Whether this probable differential neutralization of BLyS/APRIL heterotrimers has any therapeutic ramifications remains entirely speculative. In principle, the biologic activity of BLyS/APRIL heterotrimers in vivo may be greater than, less than, or equal to that of BLyS or APRIL homotrimers. Accordingly, the net effect of therapeutic neutralization of APRIL concomitant with neutralization of BLyS might be beneficial, harmful, or neutral in the context of the ongoing autoimmunity of SLE. Of note, the recombinant heterotrimers of Dillon and colleagues were considerably less potent in promoting in vitro human B-cell proliferation than were the corresponding BLyS or APRIL homotrimers, raising the possibility (but certainly not proving) that the in vivo biologic activity of BLyS/APRIL heterotrimers may be relatively insignificant in comparison with those of BLyS or APRIL homotrimers.

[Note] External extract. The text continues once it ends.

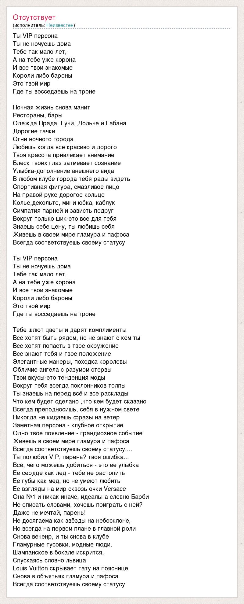 Ты VIP персона Ты не ночуешь дома Тебе так мало лет, А на тебе уже корона И все твои знакомые Короли либо бароны Это твой мир Где ты восседаешь на троне Ночная жизнь снова манит Рестораны, бары Одежда Прада, Гучи, Дольче и Габана Дорогие тачки Огни ночного города Любишь когда все красиво и дорого Твоя красота привлекает внимание Блеск твоих глаз затмевает сознание Улыбка-дополнение внешнего вида В любом клубе города тебя рады видеть Спортивная фигура, смазливое лицо На правой руке дорогое кольцо Колье,декольте, мини юбка, каблук Симпатия парней и зависть подруг Вокруг только шик-это все для тебя Знаешь себе цену, ты любишь себя Живешь в своем мире гламура и пафоса Всегда соответствуешь своему статусу Ты VIP персона Ты не ночуешь дома Тебе так мало лет, А на тебе уже корона И все твои знакомые Короли либо бароны Это твой мир Где ты восседаешь на троне Тебе шлют цветы и дарят комплименты Все хотят быть рядом, но не знают с кем ты Все хотят попасть в твое окружение Все знают тебя и твое положение Элегантные манеры, походка королевы Обличие ангела с разумом стервы Твои вкусы-это тенденция моды Вокруг тебя всегда поклонников толпы Ты знаешь на перед всё и все расклады Что кем будет сделано ,что кем будет сказано Всегда преподносишь, себя в нужном свете Никогда не кидаешь фразы на ветер Заметная персона - клубное открытие Одно твое появление - грандиозное событие Живешь в своем мире гламура и пафоса Всегда соответствуешь своему статусу.... Ты полюбил VIP, парень? твоя ошибка... Все, чего можешь добиться - это ее улыбка Ее сердце как лед - тебе не растопить Ее губы как мед, но не умеют любить Ее взгляды на мир сквозь очки Versace Она №1 и никак иначе, идеальна словно Барби Не описать словами, хочешь поиграть с ней? Даже не мечтай, парень! Не досягаема как звёзды на небосклоне, Но всегда на первом плане в главной роли Снова веченр, и ты снова в клубе Гламурные тусовки, модные люди. Шампанское в бокале искрится, Спускаясь словно львица Louis Vuitton скрывает тату на пояснице Снова в объятьях гламура и пафоса Всегда соответствуешь своему статусу

Dillon and colleagues have also documented elevated circulating levels of native BLyS/APRIL heterotrimers in patients with SLE (but not with rheumatoid arthritis), although the precise stoichiometry of these heterotrimers in vivo remains unknown. The relative impotence of the recombinant BLyS/APRIL heterotrimers coupled to the uncertainty surrounding the in vivo stoichiometry of BLyS/APRIL heterotrimers highlight our current state of ignorance regarding these heterotrimers. We remain in the dark with regard to the mechanism and the regulation of heterotrimer formation in vivo, the interconversion (if any) between homotrimers and heterotrimers, and the dysregulation (if any) of such heterotrimers in disease states, such as SLE. Nonetheless, the preferential over expression of heterotrimers in SLE, but not in rheumatoid arthritis, raises the possibility that such heterotrimers may be playing a contributory role in SLE. Development of reagents that can specifically neutralize the BLyS (or APRIL) homotrimers but not the heterotrimers (or vice versa) will help resolve the BLyS/APRIL heterotrimeric enigma.